Work instruction:
Reproduce the entries in full and exactly. Pictures stay out.
↓↓↓
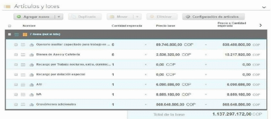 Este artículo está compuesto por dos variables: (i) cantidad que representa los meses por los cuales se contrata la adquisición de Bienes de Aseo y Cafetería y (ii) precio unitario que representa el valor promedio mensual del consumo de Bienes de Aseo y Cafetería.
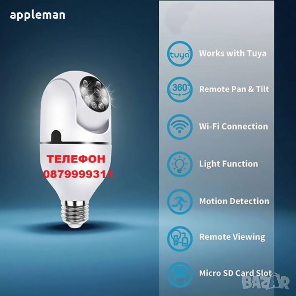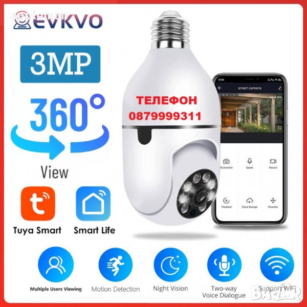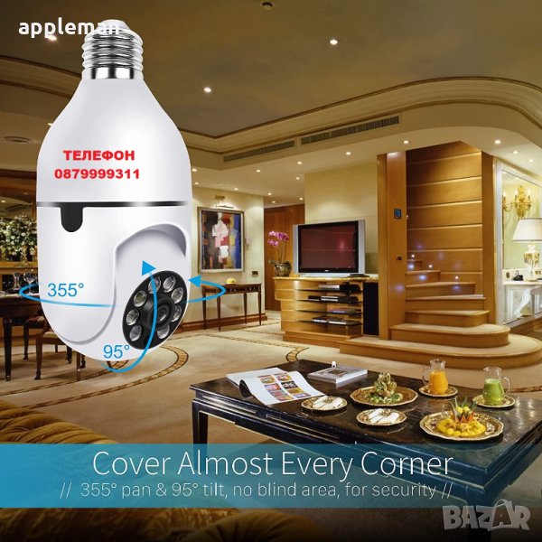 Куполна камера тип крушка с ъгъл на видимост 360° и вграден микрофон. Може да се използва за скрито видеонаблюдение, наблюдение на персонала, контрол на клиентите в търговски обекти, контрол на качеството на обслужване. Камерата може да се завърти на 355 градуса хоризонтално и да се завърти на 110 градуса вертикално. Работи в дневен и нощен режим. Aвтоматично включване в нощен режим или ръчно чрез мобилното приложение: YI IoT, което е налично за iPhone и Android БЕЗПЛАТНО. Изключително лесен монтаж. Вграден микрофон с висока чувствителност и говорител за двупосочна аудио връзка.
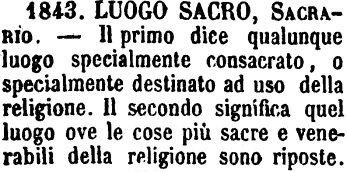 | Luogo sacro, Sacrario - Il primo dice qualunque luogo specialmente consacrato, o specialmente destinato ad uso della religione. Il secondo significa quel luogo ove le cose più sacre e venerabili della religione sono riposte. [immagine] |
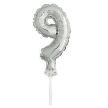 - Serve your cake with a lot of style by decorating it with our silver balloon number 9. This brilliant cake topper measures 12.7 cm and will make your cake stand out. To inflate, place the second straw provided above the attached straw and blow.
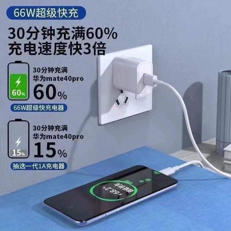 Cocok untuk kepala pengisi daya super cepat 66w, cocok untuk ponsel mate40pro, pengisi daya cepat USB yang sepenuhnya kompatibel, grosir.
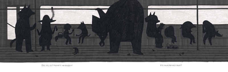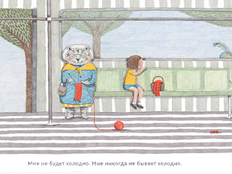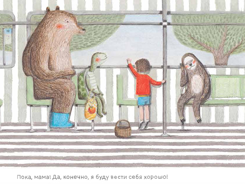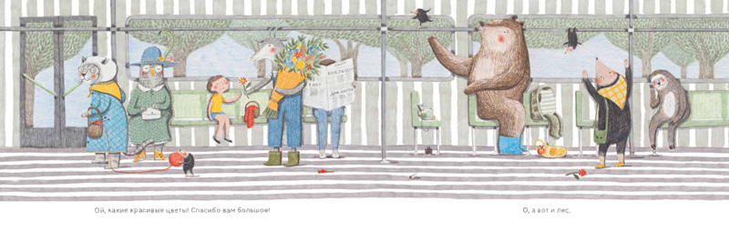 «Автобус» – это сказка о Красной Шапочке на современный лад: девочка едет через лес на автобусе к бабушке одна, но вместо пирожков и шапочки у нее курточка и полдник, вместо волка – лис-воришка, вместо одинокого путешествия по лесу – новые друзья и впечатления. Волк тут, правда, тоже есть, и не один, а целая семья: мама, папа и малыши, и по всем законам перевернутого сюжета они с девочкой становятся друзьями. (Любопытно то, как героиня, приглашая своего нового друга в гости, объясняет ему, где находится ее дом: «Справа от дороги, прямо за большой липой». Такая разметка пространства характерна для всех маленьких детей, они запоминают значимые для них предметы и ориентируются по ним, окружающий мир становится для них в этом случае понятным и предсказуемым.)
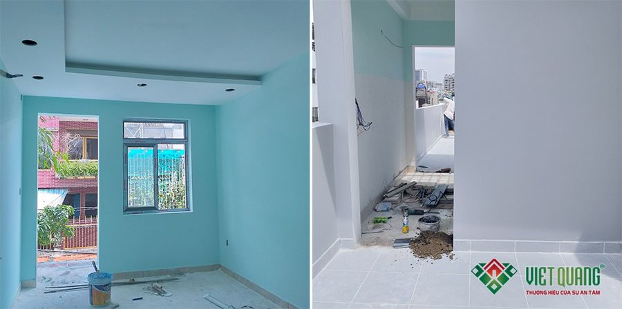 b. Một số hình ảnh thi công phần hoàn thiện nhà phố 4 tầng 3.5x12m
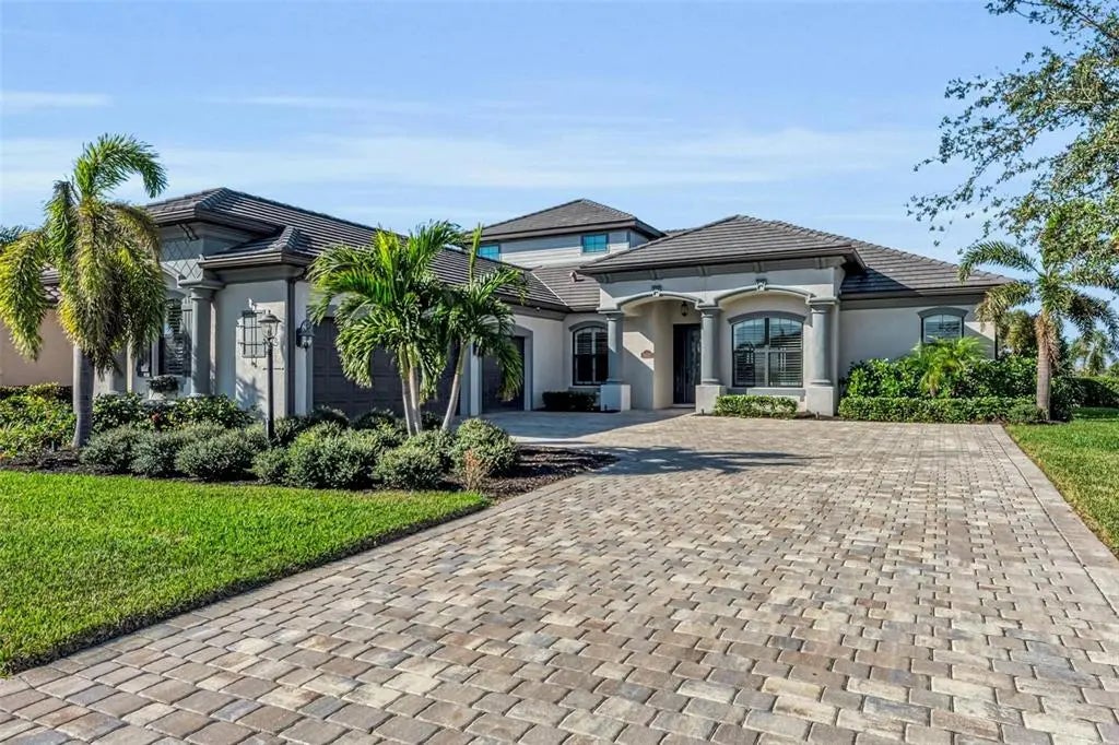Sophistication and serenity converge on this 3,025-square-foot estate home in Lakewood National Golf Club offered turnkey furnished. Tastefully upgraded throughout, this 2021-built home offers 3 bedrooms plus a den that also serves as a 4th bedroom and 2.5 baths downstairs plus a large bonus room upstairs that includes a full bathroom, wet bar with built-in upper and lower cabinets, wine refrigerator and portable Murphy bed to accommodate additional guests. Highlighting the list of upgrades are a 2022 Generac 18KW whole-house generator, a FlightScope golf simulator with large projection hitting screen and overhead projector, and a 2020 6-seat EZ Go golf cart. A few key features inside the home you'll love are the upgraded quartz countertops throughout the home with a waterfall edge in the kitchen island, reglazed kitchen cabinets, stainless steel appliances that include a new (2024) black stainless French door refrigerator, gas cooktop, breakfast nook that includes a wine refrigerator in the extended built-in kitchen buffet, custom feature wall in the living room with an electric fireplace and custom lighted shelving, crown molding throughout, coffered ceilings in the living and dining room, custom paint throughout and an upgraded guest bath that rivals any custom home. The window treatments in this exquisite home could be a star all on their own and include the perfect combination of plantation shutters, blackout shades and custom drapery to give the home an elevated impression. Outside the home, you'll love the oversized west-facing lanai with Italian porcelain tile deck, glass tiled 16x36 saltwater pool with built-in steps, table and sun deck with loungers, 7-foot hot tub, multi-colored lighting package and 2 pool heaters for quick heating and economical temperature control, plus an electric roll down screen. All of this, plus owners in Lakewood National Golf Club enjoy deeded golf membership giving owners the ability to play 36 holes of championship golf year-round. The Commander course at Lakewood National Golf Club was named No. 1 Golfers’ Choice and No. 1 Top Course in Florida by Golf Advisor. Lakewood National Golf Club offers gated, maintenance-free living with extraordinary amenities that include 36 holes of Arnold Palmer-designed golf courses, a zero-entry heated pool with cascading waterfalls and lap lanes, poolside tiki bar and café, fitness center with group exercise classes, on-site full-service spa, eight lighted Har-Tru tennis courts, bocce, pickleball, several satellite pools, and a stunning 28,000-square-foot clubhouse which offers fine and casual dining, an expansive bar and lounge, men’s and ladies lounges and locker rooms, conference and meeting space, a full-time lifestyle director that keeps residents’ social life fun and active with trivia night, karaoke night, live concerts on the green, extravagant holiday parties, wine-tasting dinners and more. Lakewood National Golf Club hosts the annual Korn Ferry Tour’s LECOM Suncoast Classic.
↑↑↑
Exercise output:
 Este artículo está compuesto por dos variables: (i) cantidad que representa los meses por los cuales se contrata la adquisición de Bienes de Aseo y Cafetería y (ii) precio unitario que representa el valor promedio mensual del consumo de Bienes de Aseo y Cafetería.
 Куполна камера тип крушка с ъгъл на видимост 360° и вграден микрофон. Може да се използва за скрито видеонаблюдение, наблюдение на персонала, контрол на клиентите в търговски обекти, контрол на качеството на обслужване. Камерата може да се завърти на 355 градуса хоризонтално и да се завърти на 110 градуса вертикално. Работи в дневен и нощен режим. Aвтоматично включване в нощен режим или ръчно чрез мобилното приложение: YI IoT, което е налично за iPhone и Android БЕЗПЛАТНО. Изключително лесен монтаж. Вграден микрофон с висока чувствителност и говорител за двупосочна аудио връзка.
 | Luogo sacro, Sacrario - Il primo dice qualunque luogo specialmente consacrato, o specialmente destinato ad uso della religione. Il secondo significa quel luogo ove le cose più sacre e venerabili della religione sono riposte. [immagine] |
 - Serve your cake with a lot of style by decorating it with our silver balloon number 9. This brilliant cake topper measures 12.7 cm and will make your cake stand out. To inflate, place the second straw provided above the attached straw and blow.
 Cocok untuk kepala pengisi daya super cepat 66w, cocok untuk ponsel mate40pro, pengisi daya cepat USB yang sepenuhnya kompatibel, grosir.
 «Автобус» – это сказка о Красной Шапочке на современный лад: девочка едет через лес на автобусе к бабушке одна, но вместо пирожков и шапочки у нее курточка и полдник, вместо волка – лис-воришка, вместо одинокого путешествия по лесу – новые друзья и впечатления. Волк тут, правда, тоже есть, и не один, а целая семья: мама, папа и малыши, и по всем законам перевернутого сюжета они с девочкой становятся друзьями. (Любопытно то, как героиня, приглашая своего нового друга в гости, объясняет ему, где находится ее дом: «Справа от дороги, прямо за большой липой». Такая разметка пространства характерна для всех маленьких детей, они запоминают значимые для них предметы и ориентируются по ним, окружающий мир становится для них в этом случае понятным и предсказуемым.)
 b. Một số hình ảnh thi công phần hoàn thiện nhà phố 4 tầng 3.5x12m
Sophistication and serenity converge on this 3,025-square-foot estate home in Lakewood National Golf Club offered turnkey furnished. Tastefully upgraded throughout, this 2021-built home offers 3 bedrooms plus a den that also serves as a 4th bedroom and 2.5 baths downstairs plus a large bonus room upstairs that includes a full bathroom, wet bar with built-in upper and lower cabinets, wine refrigerator and portable Murphy bed to accommodate additional guests. Highlighting the list of upgrades are a 2022 Generac 18KW whole-house generator, a FlightScope golf simulator with large projection hitting screen and overhead projector, and a 2020 6-seat EZ Go golf cart. A few key features inside the home you'll love are the upgraded quartz countertops throughout the home with a waterfall edge in the kitchen island, reglazed kitchen cabinets, stainless steel appliances that include a new (2024) black stainless French door refrigerator, gas cooktop, breakfast nook that includes a wine refrigerator in the extended built-in kitchen buffet, custom feature wall in the living room with an electric fireplace and custom lighted shelving, crown molding throughout, coffered ceilings in the living and dining room, custom paint throughout and an upgraded guest bath that rivals any custom home. The window treatments in this exquisite home could be a star all on their own and include the perfect combination of plantation shutters, blackout shades and custom drapery to give the home an elevated impression. Outside the home, you'll love the oversized west-facing lanai with Italian porcelain tile deck, glass tiled 16x36 saltwater pool with built-in steps, table and sun deck with loungers, 7-foot hot tub, multi-colored lighting package and 2 pool heaters for quick heating and economical temperature control, plus an electric roll down screen. All of this, plus owners in Lakewood National Golf Club enjoy deeded golf membership giving owners the ability to play 36 holes of championship golf year-round. The Commander course at Lakewood National Golf Club was named No. 1 Golfers’ Choice and No. 1 Top Course in Florida by Golf Advisor. Lakewood National Golf Club offers gated, maintenance-free living with extraordinary amenities that include 36 holes of Arnold Palmer-designed golf courses, a zero-entry heated pool with cascading waterfalls and lap lanes, poolside tiki bar and café, fitness center with group exercise classes, on-site full-service spa, eight lighted Har-Tru tennis courts, bocce, pickleball, several satellite pools, and a stunning 28,000-square-foot clubhouse which offers fine and casual dining, an expansive bar and lounge, men’s and ladies lounges and locker rooms, conference and meeting space, a full-time lifestyle director that keeps residents’ social life fun and active with trivia night, karaoke night, live concerts on the green, extravagant holiday parties, wine-tasting dinners and more. Lakewood National Golf Club hosts the annual Korn Ferry Tour’s LECOM Suncoast Classic.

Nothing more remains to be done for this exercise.